Klemme House has the original hardwood floors, actually made from the Klemme Lumber Company, and woodwork including 12 inch baseboards. You just don’t see this kind of craftsmanship anymore. Original ceiling beams highlight the living room. The original pewter chandelier in the dining room where two dress forms display Lucy’s wedding dress and Ray’s Knights of Columbus uniform.

I find it so interesting to stay in a house such as this. Each home has a story. As the old saying goes, “If only these walls could talk, what a story they could tell.”  It was fun to sip coffee with the current owners, Al and Connie Mattison, and learn about the heritage of this fine, old house.

Oddly enough, the Mattisons aren’t related to the Klemmes. Years after the Klemmes moved away, the Mattisons moved down the street from the deteriorating house. That’s when Connie fell in love with it and even had dreams about how she would restore and decorate it one day. It was out of their price range, but they thought if they could use it as a bed and breakfast perhaps they could afford to live there. So when the house came on the market in 1997 they bought it, started remodeling, and officially opened Klemme House in February 1998.

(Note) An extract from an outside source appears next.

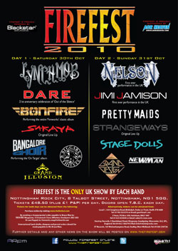 FRONTIERS RECORDS SIGNS THE LEGENDARY BAND FOR NEW ALBUM WORLD-WIDE: Frontiers Records is very proud to announce the signing of legendary rock band Whitesnake. David Coverdale and band are gearing up for their latest endeavour. Whitesnake has already started composing new material that promises to deliver one of the finest chapters in Whitesnake'S career. "We are off to a very good start, with the new songs taking positive shape. It feels good, fresh & exciting," explains Coverdale. The next release already feels like a solid, natural progression to their last opus, the successful, critically acclaimed 'Good To Be Bad' album, awarded by the influential Classic Rock magazine as "Best Album of the Year" in 2008. "As always, we want to take it to the next level," states' Coverdale. "I feel that with the last album we achieved a strong Whitesnake 'cocktail' that comfortably embraced & mixed all the previous musical aspects & styles of the band's history, while taking our identity a little further... all on one album..." Born in 1977, Whitesnake have been among the most influential representatives of the their genre, having produced numerous rock music classics such as 'Here I Go Again', 'Is This Love', 'Still Of The Night', 'Fool For Your Loving', 'Ain't No Love In The Heart Of The City' or 'Walking In The Shadows Of The Blues'. Coverdale said the production team for the new album will most likely be the infamous Brutal Brothers, or Los Bros Brutalos, who handled the recording of "Good To Be Bad". "The new songs are in the very familiar and recognizable Whitesnake territory of soulful, bluesy, melodic power rock, with a couple of ballads thrown in for good measure... It can't be a Whitesnake album without ballads, mate!" Whitesnake have conquered the love and respect of the audiences all over the world with their driving shows and music. The new album promises to follow in the steps of a great heritage of solid and timeless songs. For more information, please visit www.whitesnake.com and www.frontiers.it. ![]() FIREFEST 2010 – PRESS RELEASE: Firefest UK Press Release / "For our 2010 show we've decided to go for two full days, with a slightly later start time and just seven quality bands per day. We think we've put together a bill that should please many devotees of melodic hard rock and have arranged several special sets to celebrate well-loved albums and anniversaries. Several acts will be making their first appearances on UK soil whilst others have been much missed and will be returning after many years away. Here are the details…" Venue and dates - Firefest will take place on Saturday 30th and Sunday 31st October 2010 at our regular venue of Rock City in Nottingham. Line-up Saturday October 30 (Top to bottom) Lynch Mob It's been twenty years since ex-Dokken guitar virtuoso George Lynch last graced a UK stage. During that time he's explored new directions and in 2009 came full circle when he re-united with original Lynch Mob singer Oni Logan to deliver the excellent 'Smoke & Mirrors' album. The band have had great reviews since they hit the road last year so expect an explosive set taken mostly from their latest opus and their classic 'Wicked Sensation' debut. Dare The UK melodic rockers led by Darren Wharton last graced a Firefest back in 2005 at our inaugural show and have yet to play a UK date since original guitarist Vinny Burns rejoined two years ago. Twenty-one years have passed since their classic 'Out Of The Silence' debut was released so it's a great honour for us to have the band base their set around that popular record. Bonfire The enduring German hard rockers have been around in one guise or another since the late 70's but really started to make waves on both sides of the Atlantic with their classic 1987 album 'Fireworks'. With a very special set to celebrate the album that gave Firefest's sister magazine it's name, Claus Lessmann, Hans Ziller and co. will play the 'Fireworks' record in its entirety. Saraya Continuing Firefest's proud record of providing the unexpected, the US rock band led by Sandi Saraya and Tony 'Bruno' Rey are back after an eighteen year hiatus. Keyboard player Gregg Munier tragically passed away in 2006 but all other original members will be present to play a set based around their melodic debut album, with a smattering of their harder edged 'When The Blackbird Sings' album for good measure. Bangalore Choir Another cult US hard rock band will grace our stage in the shape of Bangalore Choir. Their 1992 debut album 'On Target' is well-respected for its sublime mixture of melody and crunch, and led by ex-Accept singer David Reece and guitarist Curtis Mitchell the band will play the whole record. It'll be their first ever show in the UK and we're sure they'll be made very welcome. Beggars & Thieves Two years ago singer Louie Merlino and guitarist Ron Mancuso played a short acoustic set at the Friday night meet & greet for Firefest V, so we're delighted to welcome them back with a full band. They're currently in the studio recording a new album so will have some new songs to play alongside the highlights from their first three records. Grand Illusion After a break of four and a half years Sweden's Grand Illusion have decided to give it another go. The original trio of Anders Rydholm, Peter Sundell and Per Svensson are currently recording a new album with some pretty high profile guests and with three strong releases already under their belts they have a wealth of upbeat melodic rock songs to get the party off to a good start. Sunday October 31 (Top to bottom) Nelson Twins Matthew and Gunnar Nelson caused a stir in 1990 when their first single '(Can't Live Without Your) Love And Affection' reached the top of the US charts. They would go on to create several high quality albums throughout the 90's and are applying the finishing touches to a new release called 'Lightning Strikes Twice' as we speak. Despite their rich heritage this will be their first ever UK 
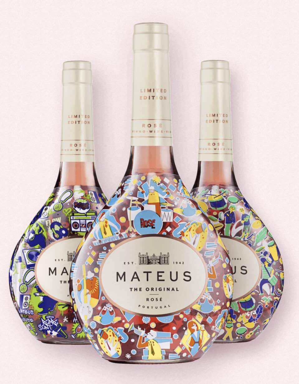 The brand celebrated its 80th anniversary in 2022, commemorated with a trio of limited edition bottles, each one dedicated to a genre of music that has traditionally been enjoyed with Mateus – samba, hip hop and jazz.

Although located in a small town, Klemme House does a lot of business. The Mattisons continue to gather information about the original owners. The Klemme family is delighted that someone has taken an interest in their heritage. Through others, their legacy lives on.

But here’s the point, not every interesting or even important person can be found with Google. In fact, most of the people we meet in life won’t be found on the Internet. However each is unique in God’s eyes. Each has a specific journey he/she is on. Each has a story or two they could share if we only took the time to ask them.